La dynamique du système des carbonates dans la Zone de minimum d’oxygène au large du Pérou
Le fonctionnement de la zone de minimum d’oxygène (OMZ) au large du Pérou, l’une des plus marquées de l’océan global, reste mal connu, alors que cette zone pourrait représenter une source importante de dioxyde de carbone (CO2) vers l’atmosphère. Comprendre le cycle du carbone dans l’OMZ du Pérou constitue donc un enjeu scientifique majeur dans une région qui manque d’observations directes. La campagne AMOP, à bord du RV L’Atalante, a permis à une équipe1 de chercheurs de mettre en évidence une distribution hétérogène et très spécifique du CO2 et du taux d’acidité.

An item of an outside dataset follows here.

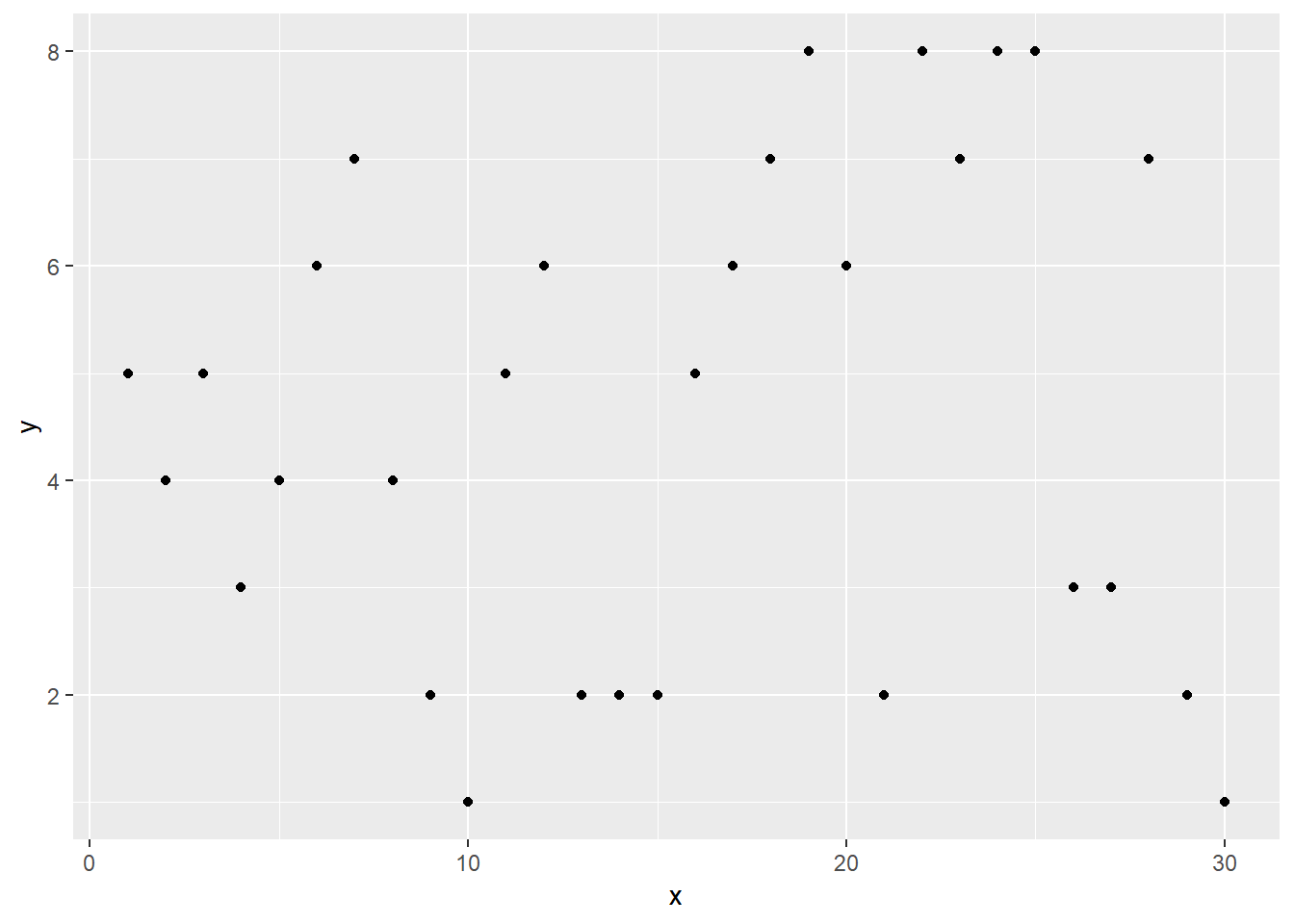 ggplot(df)+aes(x,y)+geom_point()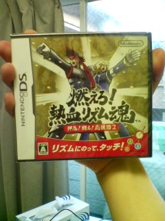 やっと手に入れましたああああああああああ→コレをっ! 数年前にブラボーミュージックという音ゲーにずっぽりとハマった私が、テレビCMを見た瞬間に「こ、これは買わなければならぬ!」と直感したニンテンドーDSの音ゲー「燃えろ!熱血リズム魂」。発売日から足繁く家電量販店を見て回るも、どこに行ってもソールドアウト。新宿、渋谷、池袋のほとんどの量販店に足を運びましたが、そりゃもう見事なまでに完売御礼。新宿通り沿いにある某ックカメラに至っては、パッケージすら店内に置かないという始末。「熱血なリズムを魂に刻むことはできないのか」と、半ば途方に暮れつつ、諦め半分でふらりと入ったCDレンタル店で…見つけたんです。つか、メチャメチャ店頭に並んでたんです。それを視認した私は即買い。加藤鷹の手マンよりも早くソフトを手に取り、ベンジョンソンのドーピング100mダッシュよりも早くレジに向かいましたよ。これで…これで数日間は部屋に引き篭もることができます。本当にありがとうございました!

- 1Les laboratoires et institutions impliqués sont les suivants : Instituto de investigaciones oceanologicas (Universidad Autónoma de Baja California, Mexique), Laboratoire d’études en géophysique et océanographie spatiales (LEGOS/OMP, UPS / CNRS / CNES / IRD), Instituto geofisico del Peru (Pérou) et Universidad del mar (Mexique)

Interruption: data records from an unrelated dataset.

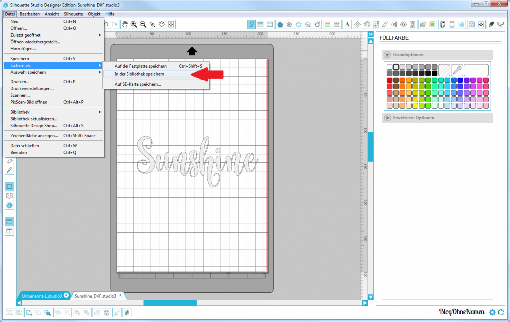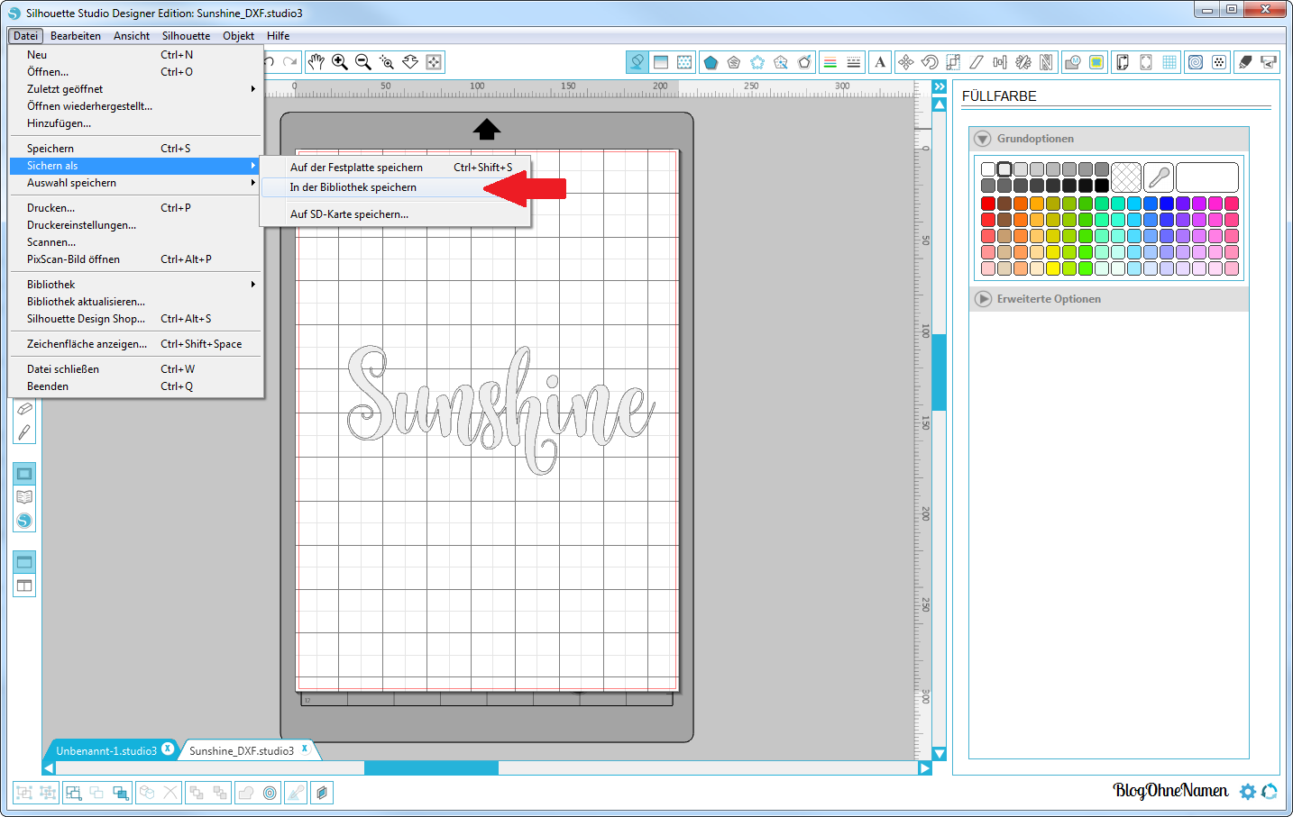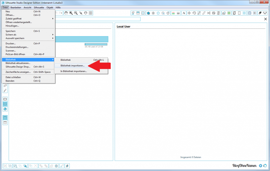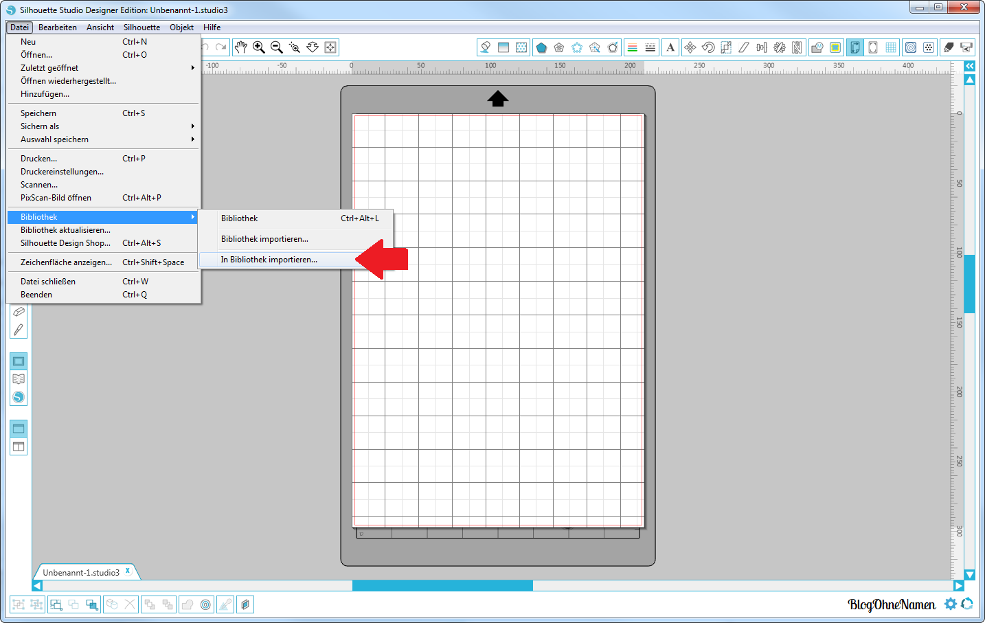 Öffnet auch hierfür wieder die Silhouette Software, geht auf „Datei“ und anschließend auf „Bibliothek“ und dann letztendlich auf „In Bibliothek importieren“.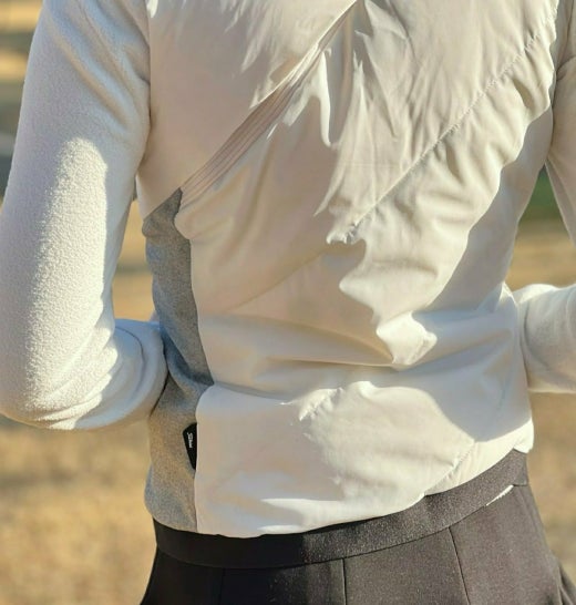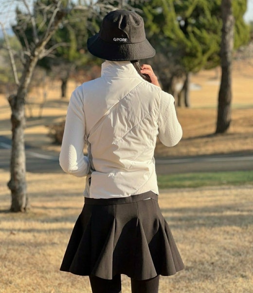 ➡️ ULTRA LIGHT WEIGHT RECYCLE . 경량 다운 베스트이며 스윙 및 활동시 용이하게 등판 절개 밴딩 패턴 적용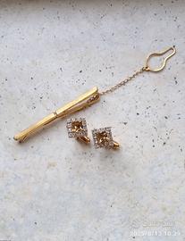 gemelli effetto dorato con pietre fermacravatta effetto dorato usati solo una volta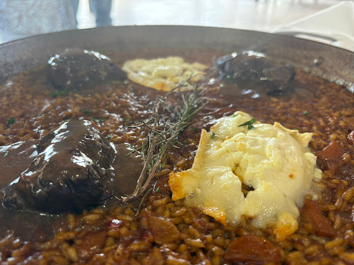 DELICIOSO. Esa sería la palabra para definir nuestra experiencia en RESTAURANTE NAOS. Alojados en el HOTEL PLAYABALLENA en varias ocasiones es la primera vez que comemos en NAOS y no va a ser la última porque hay muchos platos y algunos arroces que nos hemos quedado con muchas ganas de probar. Cuando uno va a un restaurante lo principal que quiere es COMER BIEN y por eso voy a empezar con ello en esta reseña. Pedimos unos entrantes para compartir y a cual más delicioso. Muy muy recomendable uno que estaba fuera de carta que era como un BRIOCHE de PULLED PORK...riquísimo, llevaba una melaza dulce que combinaba increíble...un aciertoñ De los otros entrantes...ZAMBURIÑAS y CARPACCIO DE GAMBA BLANCA muy fresco todo y con mucho gusto en la presentación. Y también unas croquetas de rabo de toro deliciosas. Una vez arrancado con los entrantes pedimos un ARROZ con CARRILLERA y RULO DE CABRA....¡¡¡ ESPECTACULAR !!! Súper diferente a los clásicos arroces...eso sí...te tiene que gustar la carrillera y el rulo de cabra...a nosotros nos encantó. Nos quedamos con muchas ganas de probar el arroz del señoret y el de verduras de la huerrta....QUE TENÍAN UNA PINTA cuando llegaban a las otras mesas... De los postres mejor no hablar...hay 4...pero qué 4 postres...a cual mejor. Sin duda alguna para mi gusto la TARTA DE QUESO con PISTACHO es un 10...como fan de la tarta de queso y el pistacho se te hace la boca agua cuando te la llevas a la boca. Luego estaban unos canutillos de ricota con pistacho muy buenos, quizás algo menos dulce pero también ricos. Un postre de chocolate mezcla duilce y salado espectacular y otro que iba como con piña con helado de coco súper refrescante. Nos gustó mucho ver al CHEF (que según nos comentaron es uno de los mejores ARROCEROS de CÁDIZ) preparar con detalle toda la comida, la presentación, se veía que no es el típico restaurante de playa sin más, sino que tenía un punto más de calidad y gusto. Nos sorprendió el fresquito que corría, eran las 14.30, con bastante calor de AGOSTO y se estaba muy bien. Por último me gustaría hablar del buen servicio que tuvimos, en especial el MAITRE BORJA siempre pendiente de todo con discreción pero muy atento, y el camarero que nos atendió, que ya conocíamos del HOTEL que se llama MARIANO y nos atendió con una profesionalidad que ya no se encuentra en muchos sitios de hostelería. Con la sonrisa siempre, explicando cada plato como si fuera un restaurante de estrella MICHELÍN, diciendo de dónde venía el producto, lo que el chef quería lograr, etc... Como digo una experiencia 100% recomendable...y para familias con niños también había platos para ellos que tenían buena pinta tipo pasta o escalopes que dan buen servicio también para los niños. DESEANDO VOLVER PARA PROBAR OTRO DE ESOS ARROCES...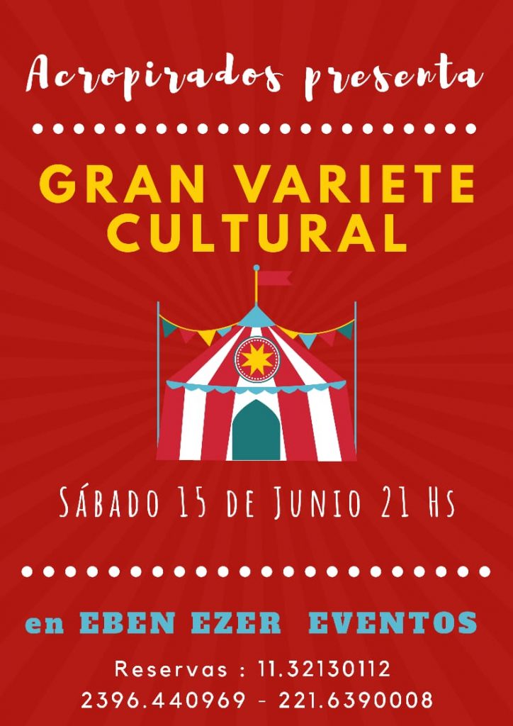 Se viene la Gran Variete Cultural el próximo 15 de junio a las 21 horas en Eben Ezer eventos. Portal El Toro dialogó con Vanina Cánepa, una de las integrantes del Grupo de Circo Acropirados quienes llevan adelante la organización de la Variete Cultural. «Este tipo de eventos es para hacer conciencia en nuestra ciudad de que se pueden autogestionar eventos culturales», dijo una de las organizadoras.

La zone de minimum d’oxygène (OMZ) du Pérou est une source intense de CO2 pour l’atmosphère. Cette source de CO2 est induite par un upwelling permanent qui transporte les eaux de subsurface riches en CO2 total (Dissolved inorganic carbone) vers la surface. Cependant, l’influence de la dynamique de l’OMZ sur le cycle du carbone reste mal comprise en raison d’un manque d’observations directes.
D’une part, la forte productivité favorable à la formation de l’OMZ suggère un rôle de séquestration du CO2 et un pH élevé (> 8 SWS) en surface. D’autre part, l’OMZ, en tant que réserve de carbone, est une couche qui reminéralise la matière organique en CO2 avec un effet d’acidification.

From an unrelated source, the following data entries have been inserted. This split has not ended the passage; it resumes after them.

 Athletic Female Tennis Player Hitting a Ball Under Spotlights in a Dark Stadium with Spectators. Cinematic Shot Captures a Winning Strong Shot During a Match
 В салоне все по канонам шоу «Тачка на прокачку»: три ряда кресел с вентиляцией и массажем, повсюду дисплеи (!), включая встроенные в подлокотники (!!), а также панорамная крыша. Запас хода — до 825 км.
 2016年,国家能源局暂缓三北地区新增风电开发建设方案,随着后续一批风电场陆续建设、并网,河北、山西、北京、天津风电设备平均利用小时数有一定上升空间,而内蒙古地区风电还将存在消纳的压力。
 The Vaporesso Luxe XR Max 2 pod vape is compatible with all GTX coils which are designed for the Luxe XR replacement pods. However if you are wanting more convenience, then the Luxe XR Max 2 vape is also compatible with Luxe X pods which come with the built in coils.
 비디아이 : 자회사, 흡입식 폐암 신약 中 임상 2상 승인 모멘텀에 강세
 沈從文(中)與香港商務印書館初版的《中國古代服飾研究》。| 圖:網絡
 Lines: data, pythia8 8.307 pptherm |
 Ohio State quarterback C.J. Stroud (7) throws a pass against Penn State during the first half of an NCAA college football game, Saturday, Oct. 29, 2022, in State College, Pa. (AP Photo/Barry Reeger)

Des chercheurs1 ont analysé l’influence paradoxale de l’OMZ du Pacifique Sud-Est sur la dynamique du système des carbonates qui affecte aussi bien le climat (CO2) que les écosystèmes marins (pH), à partir des données collectées pendant la campagne transdisciplinaire AMOP (Activités de recherche dédiées au minimum d’oxygène dans le Pacifique oriental) (7°-15°S).
Il s’avère que la stratification verticale de la colonne d’eau diminue graduellement au sud de 9°S et que les gradients verticaux d’oxygène (oxycline) et de CO2 total (carboncline) remontent de 150 m vers une couche entre 20 et 50 m sous la surface. Proche de la surface (~ 20 m), de fortes teneurs en CO2 (max. de CO2 total : 2300 μmol/kg ; max. de pCO2 : 1250 μatm) ainsi que de faibles pH (min. de 7,5) induisant des taux de saturation de carbonate de calcium relativement bas (par exemple < 1,2 pour l’aragonite, proches des conditions de dissolution) ont été détectés. Ces caractéristiques chimiques sont associées à l’Eau équatoriale de subsurface, pauvre en oxygène, de l’OMZ. Horizontalement et en surface, une grande variabilité spatiale a été trouvée, attribuée à la présence de tourbillons méso-échelle, qui modifient la distribution biogéochimique comme la profondeur de dissolution de l’aragonite.
Cette étude a ainsi permis de mettre en évidence une forte hétérogénéité spatiale au sein même de l’OMZ, hétérogénéité qui a un impact sur le système des carbonates. Celle-ci doit donc être prise en compte dans les bilans de flux air-mer de CO2, ainsi que dans l’analyse de la structuration des habitats par les variations de pH, en particulier pour les communautés calcifiantes.
- 1Les laboratoires et institutions impliqués sont les suivants : Instituto de investigaciones oceanologicas (Universidad Autónoma de Baja California, Mexique), Laboratoire d’études en géophysique et océanographie spatiales (LEGOS/OMP, UPS / CNRS / CNES / IRD), Instituto geofisico del Peru (Pérou) et Universidad del mar (Mexique)
Source
Hernandez-Ayon, J.M., Paulmier, A., Garçon, V., Sudre, J., Montes, I., Chapa-Balcorta, C., Durante, G. Dewitte, B., Maes, C., and M. Bretagnon, Dynamics of the Carbonate System across the Peruvian Oxygen Minimum Zone. 2019, Frontiers in Marine Science (Marine Biogeochemistry). doi: 10.3389/fmars.2019.00617.